There was no specific recipe. While the core product used Minnesota 13 corn to produce a white whiskey, variations emerged. Distillers from different Stearns County cities branded their moonshine as such: Avon “Minnesota 13,” Melrose “Minnesota 13,” Holdingford “Minnesota 13.” The county became a hub of the bootlegging trade, and Holdingford was known locally as the state's unofficial moonshine capital.
It was dangerous work. Federal Prohibition officers frequented the area looking for illegal stills. Those caught risked being incarcerated in places like Leavenworth Prison, often serving three months to three years. Worse yet, they left their families without financial means to support themselves. Local officials were less concerned. Yes—people making moonshine were breaking the law, but they were doing it to get by. Those that ran afoul of the law were not hardened criminals. They were people they went to church with, neighbors they waved at in town. They were trying to save their farms. Everybody did it—if a person didn’t manufacture or sell “Minnesota 13,” they drank it.
“Running moon” was lucrative. Farmers could get upwards of $3 a gallon for moonshine whiskey—significantly more than they had earned for their crops, even in the best conditions. In little time, moonshine stills were hidden on and around farms throughout Stearns County. It was a constant game of hide-and-seek between moonshiners and Federal agents. During Prohibition, agents discovered upwards of twenty illegal stills in the county each month.

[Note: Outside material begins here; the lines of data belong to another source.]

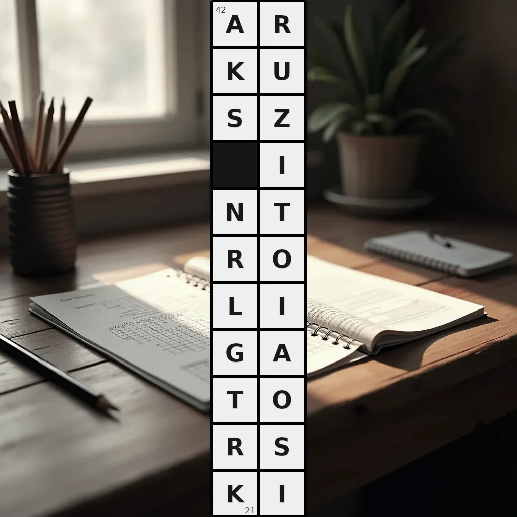 Zawiera litery: A, A, G, I, I, I, K, K, L, N, O, O, R, R, R, S, S, T, T, U, Z
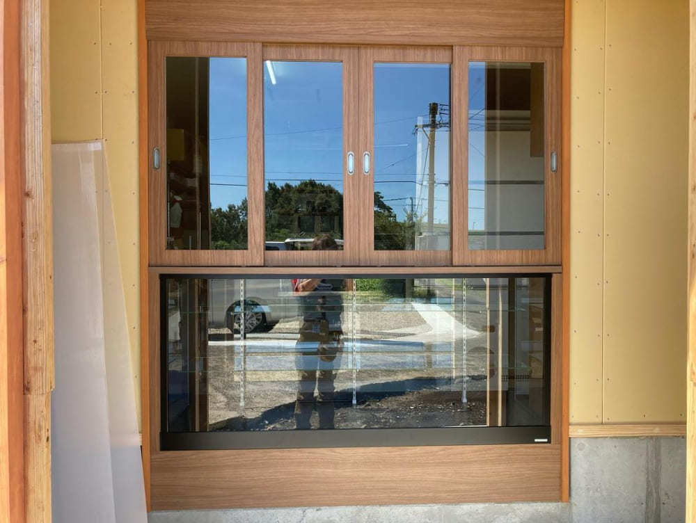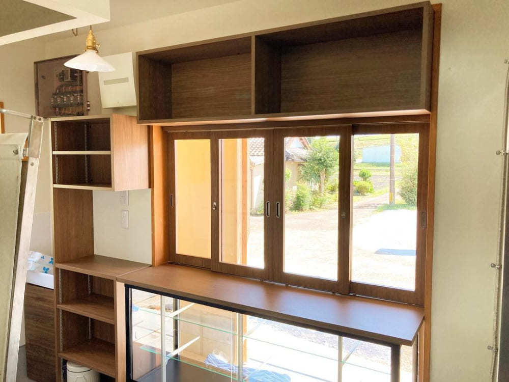 茶臼原のパン屋さん「茶臼原ベーカリー」のレジ台、収納棚、引き戸も製作。
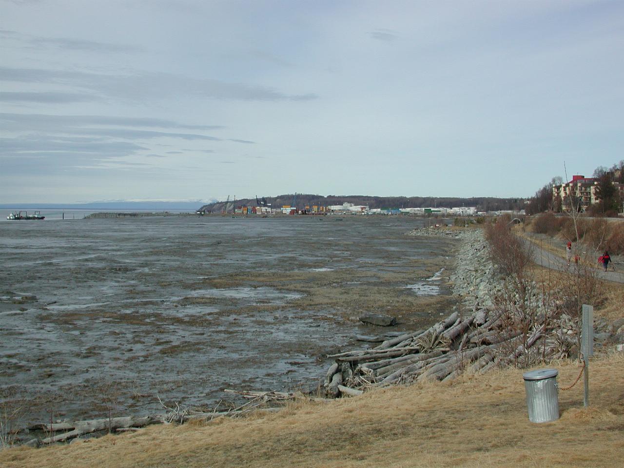 Very low tide on Cook Inlet. Ship Creek runs right to left, in front of the buildings in the distance.
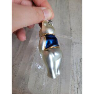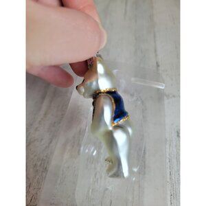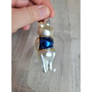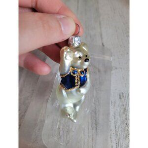 HALLMARK Keepsake LI’L TEDDY BEAR Blue vest White BEAR Blown Glass
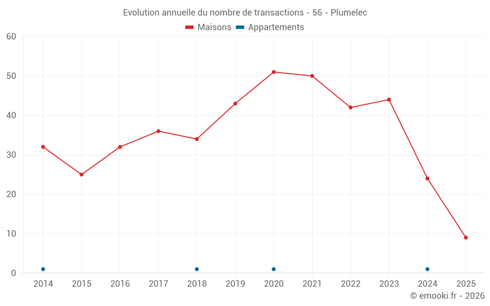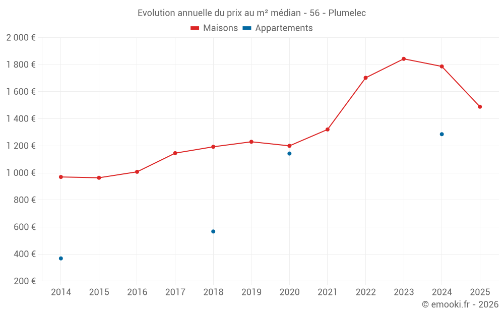 Le prix médian sur les 25 transactions de maisons des 12 derniers mois dans la commune de Plumelec était de 1 667 € par mètre carré pour une valeur foncière médiane de 176 000 €. Sur cette période 60% des transactions se sont situées entre 845 et 1 998 € par mètre carré (du 2ème au 8ème déciles).
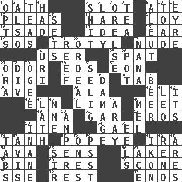 ACROSS 1. Pledge 5. Narrow opening 9. Had dinner 12. Entreaties 14. Female horse 15. Myrna of the movies 16. Sadhe (variant) 17. It may be bright or harebrained 18. Hearing organ 19. Distress signal 20. TNT 23. Naked 24. One who uses or employs something 25. Argument over a trivial matter 27. Scent 30. Begley and Asner 32. Period of immesurable duration 33. Swiss mountan, "Queen of the Mountains" 34. Nourish 36. Bar bill 38. "___ Maria" 39. According to 40. Biblical high priest 43. Shade tree 46. Pale green bean 48. Confront 49. Nanny (var.) 51. Slender fish 52. Greek god of love 53. A distinct part 54. Highlander 56. Hyperbolic tangent 58. Wimpy's pal 61. Lyricist Gershwin 64. Actress Gardner 65. Elected reps. 66. Member of a famous L.A. basketball team 68. Storage container 69. Angers 70. Biscuitlike quick bread 71. Compass dir. 72. Remainder 73. Extremities DOWN 1. Elects 2. In addition 3. Beverages made from leaves 4. Possessed 5. Stricken, poetically 6. Kenny Rogers chart-topper in '80 7. Threatening words 8. Beverage made from leaves 9. Native American of Southwest Alaska 10. Frog relative 11. Jane of fiction 13. Arranges properly for use 21. Coral collection 22. Severe or trying experience 23. Grandmother 24. RI univ. 26. Plant holder 27. Mouth or opening 28. HTML Container Element 29. Double curve, resembling the letter S 31. Former Milwaukee Brewers owner Bud 35. Break 37. Fermented drink made from hops 41. Lion 42. It is 44. Thin strip of wood or metal 45. Madame (abbr.) 47. Like ___ of sunshine 48. Cartoonist voice _ Blanc 50. Electrical Unit 53. Empty; void 55. Snakelike fish 56. Bar bills 57. Opinion 59. Washington bills 60. Inconspicuous attention getter 61. Visual representation of an object 62. Tear apart 63. Ancient Greek god of war 65. Title for a knight 67. Adept person
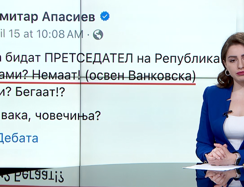 Таков пример е Фејсбук статусот на лидерот и пратеник на партијата „Левица“, Димитар Апасиев, објавен на 15 април 2024, во кој се тврди: „Сакаат да бидат ПРЕТСЕДАТЕЛ на Република…А програми? Немаат! (освен Ванковска)“.
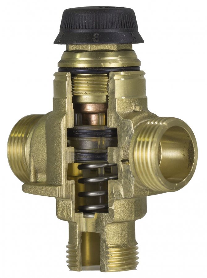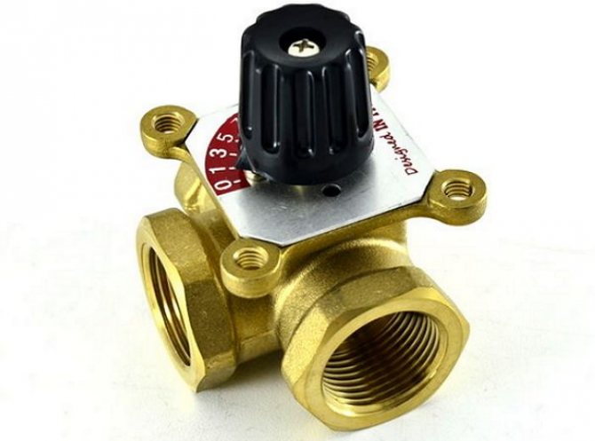 Comme son nom l'indique, cette valve a 3 temps. Vous pouvez même l'appeler une grue, car elle appartient aux vannes d'arrêt et de contrôle. Il ressemble à un tee ordinaire, mais à l'intérieur sa structure est beaucoup plus compliquée. En gros, il sert à changer la température de l'eau. Il y a deux manières : dans la première, le retour est mélangé avec l'alimentation pour abaisser la température ; la seconde méthode, au contraire, divise les cours d'eau en déversant de l'eau chaude dans la conduite de retour. Ceci est utile dans divers cas:
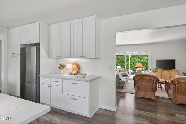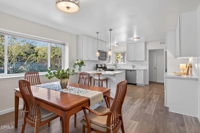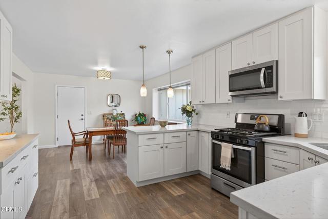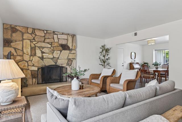 Set on a prime corner lot in the peaceful foothills of Santa Paula, directly across from a picturesque avocado orchard, this immaculate and highly upgraded single-story home is a true gem. Framed by a charming exterior, drought-tolerant landscaping, and a stunning mountain backdrop, the residence welcomes you inside with warm wide-plank flooring, soothing neutral tones, and elevated finishes throughout. The beautifully remodeled kitchen captures serene views of the orchard and features timeless quartz countertops, soft-close cabinetry, stainless steel appliances, and a spacious counter bar perfect for casual dining. Designed for connection and gathering with loved ones, the kitchen opens to a bright dining area that flows into the expansive living room- centered by a classic stone fireplace and illuminated by warm natural light. Large glass sliders invite you outdoors to the private patio and backyard--an ideal setting for family barbecues, al fresco dining, or quiet evenings spent enjoying Santa Paula's ideal climate. Down the hallway, you'll find three bedrooms with mountain views, a full guest bath, and a serene primary suite offering a generous walk-in closet and brand-new (2025) ensuite bath. Every detail has been refreshed, from the tiled walk-in shower and new vanity, to contemporary flooring and fixtures. Additional highlights include an attached two-car garage, RV parking, plumbed exterior drainage, and underground utilities. Perfectly located near charming downtown Santa Paula, local trails, parks, shopping, and with easy 101 access, this home offers the best of relaxed living and modern convenience. Don't miss the opportunity to make this exceptional home your own.
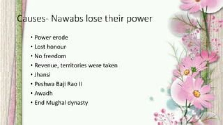 Since the mid-eighteenth century, nawabs and rajas had seen their power erode. They had gradually lost their authority and honour. Residents had been stationed in many courts, the freedom of the rulers reduced, their armed forces disbanded, and their revenues and territories taken away by stages.
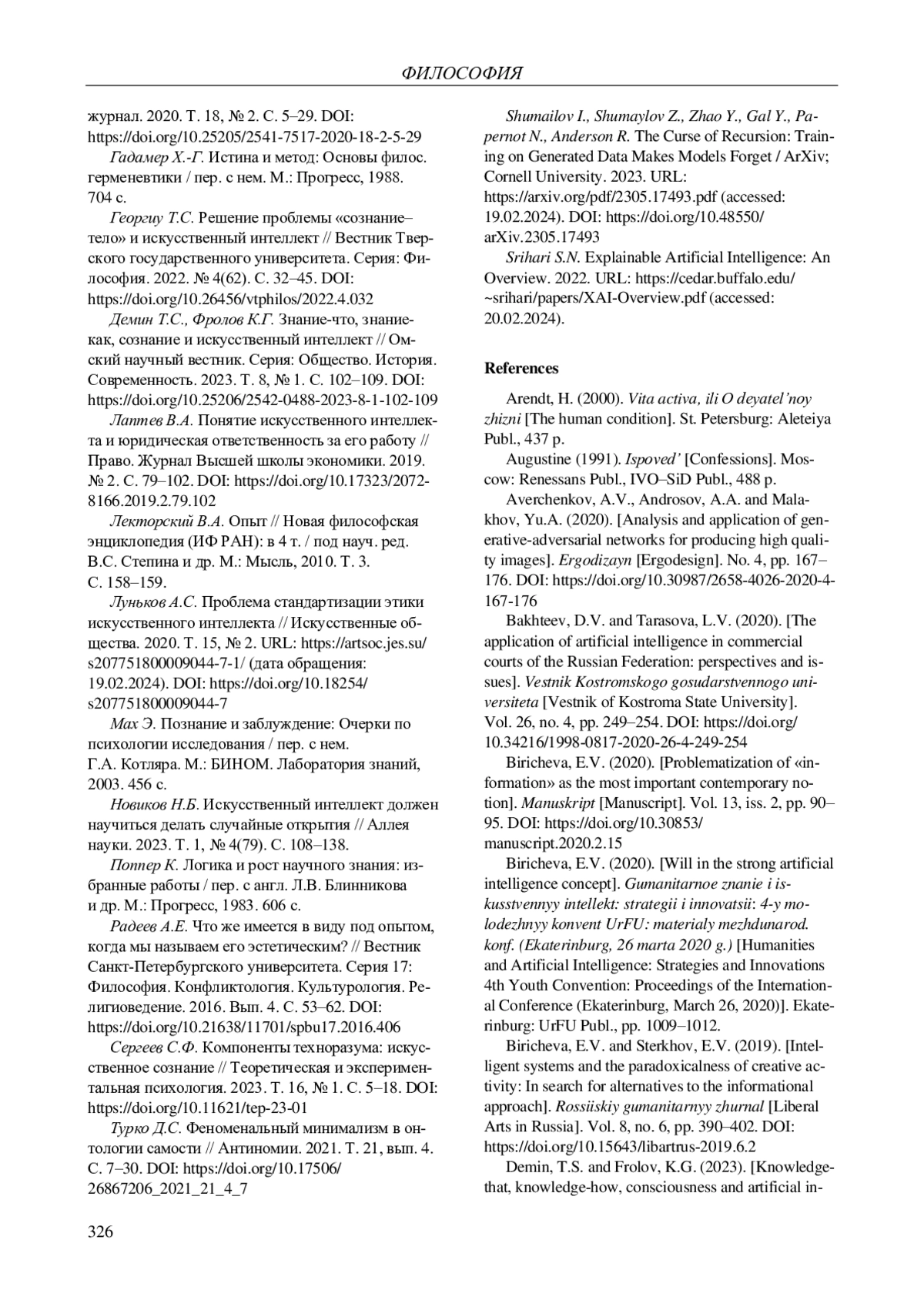 12. 	Демин Т.С., Фролов К.Г. Знание-что, знание-как, сознание и искусственный интеллект // Омский научный вестник. Серия: Общество. История. Современность. 2023. Т. 8, № 1. С. 102-109. DOI: 10.25206/2542-0488-2023-8-1-102-109 EDN: DTOTRC
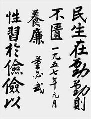 作为党和国家的领导人之一,在工作中,董必武廉洁奉公,严于律已;在生活和家庭方面,他也一直保持着艰苦朴素、勤俭清廉的优良作风。董必武曾题写过这样一句话:“民生在勤勤则不匮,性习于俭俭以养廉。”这正是他淡泊、简朴的生活写照。他在土地革命战争时期置办过一个针线包,战斗间隙用来补衣修鞋,建国后仍保存在家中。一条毛巾先用来洗脸,旧了就用来擦手,再破旧了就中间剪开两头接上用来擦脚。他喜欢书法,工作、会议之余经常练字,可他从不肯用白纸、宣纸,总是用些旧报纸,大楷写了写中楷,中楷缝里插小楷,把一张报纸写得密密麻麻。他的另一爱好是作诗,从1939 年到1975 年,共写诗1300 余首,这些诗的草稿都写在旧信封、旧日历、过时的请柬及各种形状的废纸上。他用的毛笔,笔头掉了也舍不得扔,用胶粘在笔杆上,或用线捆在笔杆上继续使用。身边的工作人员见状,劝他扔掉旧笔,他却解释说:“一支笔,一片纸,一把牙刷,不值多少钱。可是,我们是一个几亿人口的大国,每个人浪费一点,几亿人加到一起决不是个小数字。社会财富,大家都要爱惜呀!”
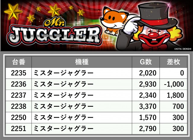 厳選された取材対象機種をはじめ、その他スロット全体から好記録が飛び出した!プレイヤーが楽しんだ1日を下記データにて振り返ってみて欲しい。
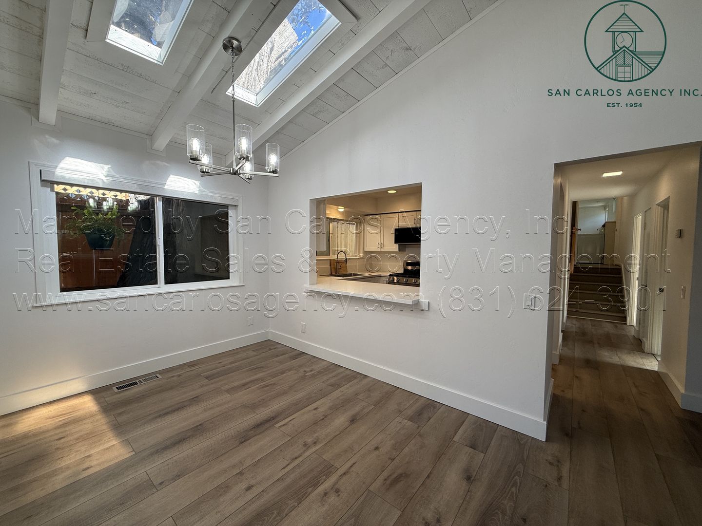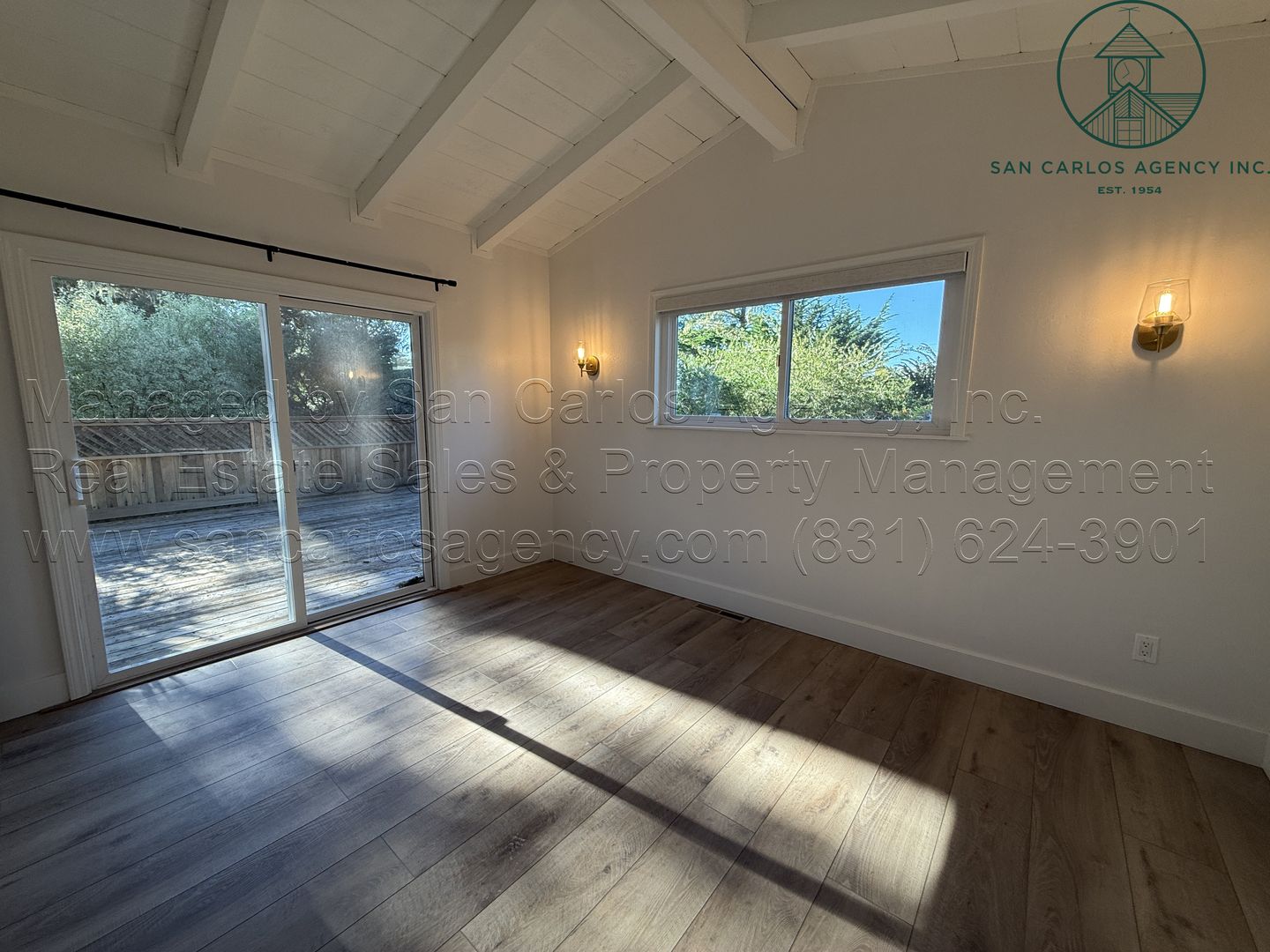 (CARLM I/O) San Carlos Agency, Inc. offers this nicely maintained and recently remodeled three bedroom, two bath mostly single-level and charming single family home in a]n incredibly convenient Carmel-by-the-Sea location just a few blocks to downtown. Available unfurnished with a one year lease, the approximately 1,700 square-foot home features tons of natural light from many skylights, new flooring, paint, remodeled bathrooms, among many other improvements just recently completed. The brand new kitchen offers new stainless steel appliances (refrigerator with bottom freezer, gas range with microwave vent hood, and dishwasher), an abundance of cabinetry, and a pass through to the dining/living room combination. The open beam ceiling living/dining area exits to the large sun deck with a peak of Carmel Bay views. The primary bed is also off the living room and features a new en-suite bath (walk-in shower) and also exits to the large outside deck area. The two guest rooms are off the hall and share a second newly remodeled bath (tub/shower). The attached garage has been converted to a bonus area, which also has the washer/dryer units (left as a courtesy to tenant). There is plenty of street parking in addition to off-street parking in the driveway. Tenant is responsible for all utilities except sewer and the gardener. Pet negotiable. No smoking. Contact San Carlos Agency, Inc. at (831) 624-3901 or rentals@sancarlosagency.com to schedule a showing. Visit www.SanCarlosAgency.com or www.CarmelRentalProperties.com.

The practice continued after the repeal of the 18th Amendment, though to a much smaller degree. In 1933—mere months before Prohibition ended—crop prices recovered, tripling between March and July, and farm income doubled. Farmers no longer needed to risk breaking the law to keep their farms, and many returned to selling their crops the traditional way. Not everyone, though. Some viewed the potential financial reward as greater than the risks. When Prohibition ended, it became about skirting tax laws. Enforcement agents continued to find stills in the county, though not nearly as many. One of the state's last official raids of an illegal moonshine distillery occurred in Stearns County in 1964.
While illicit whiskey faded into folklore, Minnesota 13 corn earned a new legacy. By the twenty-first century, it was recognized as a heritage variety—celebrated for helping establish Minnesota as a major corn-producing state, not for bootlegging.